The Path That Lead to Pediatric Oncology

Pediatric oncology became a primary interest of mine during an elective rotation with the pediatric hematology-oncology team at Stony Brook University. While on my elective, I realized that pediatric oncology satisfied my desire for a career focused on research, teaching, managing both acute and chronic medical problems, and long-lasting patient relationships.

Pediatric oncology offered a diverse patient population, with complex and fascinating pathophysiology, and an extensive amount of both basic science and clinical research opportunities. This desire to pursue a career in pediatric oncology was confirmed during my pediatric residency at the Children’s Hospital at Montefiore, where I was able to immerse myself deeper into the field through my rotations and electives.

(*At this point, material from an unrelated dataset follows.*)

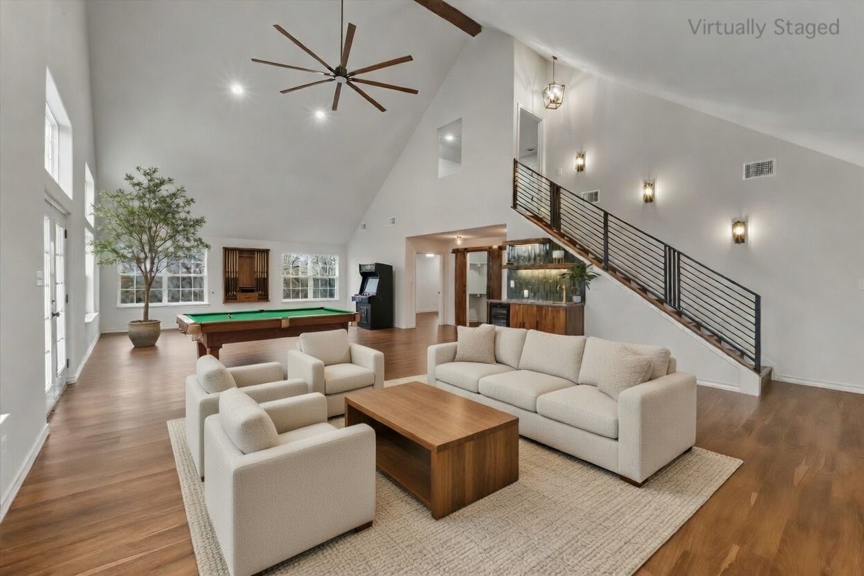 20808 Sandy Brown Ln, Webberville, TX 78621 — Country Living Meets Comfortable Luxury! Welcome to your sprawling 5-acre retreat just minutes from town and a short drive to Austin. Originally built in 2003 and thoughtfully expanded in 2023 with an approximately 1,700 sq ft addition, this exceptional 3,504 sq ft home now offers a 5-bedroom + flex room, 3.5-bath layout that blends modern functionality with peaceful rural living. As you arrive, a gated entry and mature trees signal privacy and serenity. Enjoy peaceful country living with room to roam, plus a 30’ x 36’ barn ideal for a workshop, equipment storage, hobbies, or animals. The land is further enhanced by an established orchard with approximately 29 fruit trees, offering a productive and picturesque outdoor setting. The property’s generous acreage provides space for gardening, outdoor entertaining, play areas, and more — all framed by the natural Texas landscape. Inside, an open and inviting layout is perfect for both everyday living and larger gatherings. The heart of the home features a well-appointed kitchen with breakfast bar and ample counter space, flowing seamlessly into the living and dining areas. Large windows bring the outdoors in, while a cozy fireplace anchors the living room for relaxing evenings. Enjoy the tranquility of country life while remaining close to shopping, dining, parks, and commuter routes. Prime location with convenient access to major employers and innovation hubs: approximately 20 minutes to Tesla Gigafactory Texas, a short drive to SpaceX, The Boring Company, and Hyperloop Plaza in Bastrop, and easy access to Austin — all while maintaining privacy and acreage.

To realize my dream of becoming a pediatric oncologist, I applied for pediatric hematology/oncology fellowships across the country, but I felt most at home at the joint New York Presbyterian Weill Cornell Medical Center/Memorial Sloan Kettering Cancer Center (MSK) program. MSK had always held a special place in my heart. My mother worked there for 15 years as an administrative assistant to Dr. Pramod Sogani, a surgical urologic oncologist.

I did summer research at MSK as an undergraduate and would dream of someday walking the wards as an attending oncologist. It was an incredibly surreal moment when I received the email informing me I had matched at MSK.